For more than 20 years, Chris Wright has been doing what many other nursing home operators either can’t or won’t: taking patients with behavioral health diagnoses, treating them with embedded, additional services, and becoming a valued community partner while building value in his own business.

Following an expansion of his iCare Health Network last year, Wright remains bullish on building and managing behavioral health and other speciality services. But even as regulators put more emphasis on addressing the mental health needs of nursing home patients, the owner-operator cautions that it’s not for everyone.

Providers that jump in before building out the infrastructure and understanding the required investment aren’t likely to get the same results, iCare’s president and CEO warned in an interview with McKnight’s Long-Term Care.

“We became known as sort of a problem-solver for these patients that traditional nursing homes weren’t taking at the time,” Wright says of his company’s quick reputational growth. It entered the sector in 2002 with five properties purchased out of receivership and now has 12. “It was a way we built our company, and we capitalized on it.”

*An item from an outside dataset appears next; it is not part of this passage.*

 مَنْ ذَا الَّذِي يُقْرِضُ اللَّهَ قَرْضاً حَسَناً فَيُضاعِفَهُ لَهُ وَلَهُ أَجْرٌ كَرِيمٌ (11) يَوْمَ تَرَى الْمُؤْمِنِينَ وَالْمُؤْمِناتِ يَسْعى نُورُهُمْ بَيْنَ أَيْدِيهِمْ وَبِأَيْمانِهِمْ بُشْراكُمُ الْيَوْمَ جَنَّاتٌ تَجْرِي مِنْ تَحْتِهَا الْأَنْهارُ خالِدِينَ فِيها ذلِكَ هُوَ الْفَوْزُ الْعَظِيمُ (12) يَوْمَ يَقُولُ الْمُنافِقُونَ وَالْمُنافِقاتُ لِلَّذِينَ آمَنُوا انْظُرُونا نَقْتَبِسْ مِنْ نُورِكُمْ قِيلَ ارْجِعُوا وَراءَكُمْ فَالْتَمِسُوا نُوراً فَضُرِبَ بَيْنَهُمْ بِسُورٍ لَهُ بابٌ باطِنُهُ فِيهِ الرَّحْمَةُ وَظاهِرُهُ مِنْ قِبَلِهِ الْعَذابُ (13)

Those buildings were all maintaining census in the mid-to-upper 70% range, and Wright immediately turned to local hospitals to determine who they were having a hard time placing. The answer was patients who had both skilled care needs and behavioral health diagnoses. iCare filled its first 30-bed behavioral unit within 60 to 90 days.

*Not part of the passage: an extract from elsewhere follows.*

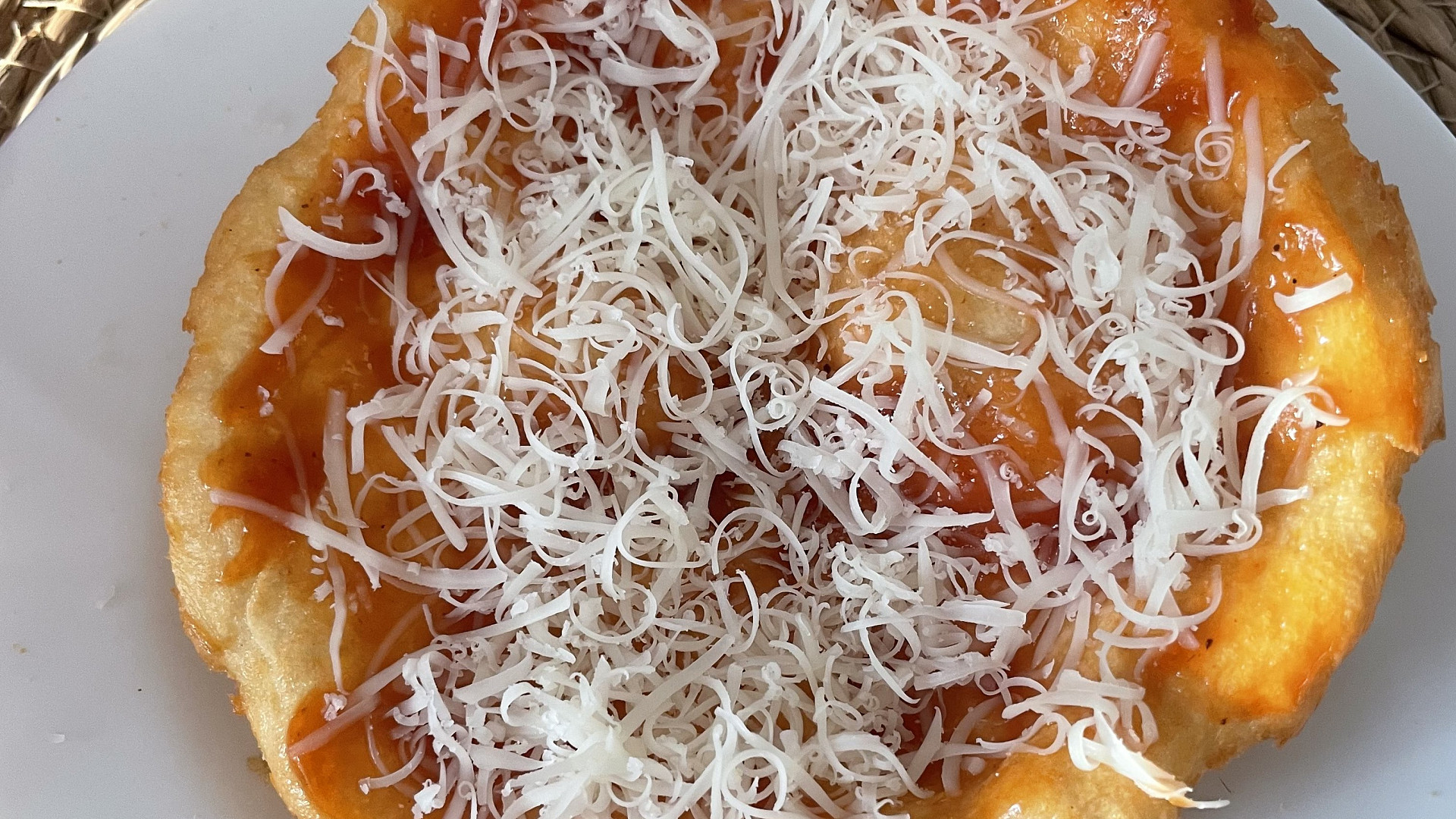 Krok 9: Hotové langoše potřeme česnekem, kečupem a posypeme strouhaným sýrem.

The for-profit’s specialities now include six behavioral health units; multiple Touchpoint branded buildings with pulmonary and cardiac services; an HIV unit in inner-city Hartford and programs that serve patients being released from prison in two states.

iCare has also become a sought-ought expert for providers in other states looking to create their own behavioral health services, an area where there is growing interest.

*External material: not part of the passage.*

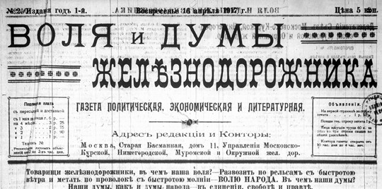 Шапка газеты «Воля и думы железнодорожника». 16 апреля 1917 г.

2021 report from Brown University found the percentage of people diagnosed with serious mental illness, many of them under 65, has continued to increase in skilled nursing facilities, posing new challenges for both compliance and quality outcomes.

On April 13, the Centers for Medicare & Medicaid Services unveiled a new behavioral health strategy that promotes access to prevention and treatment services for substance use disorders, mental health services, crisis intervention and pain care in a person-centered approach. CMS also reinforced its willingness to pay for diagnosis and treatment of such needs.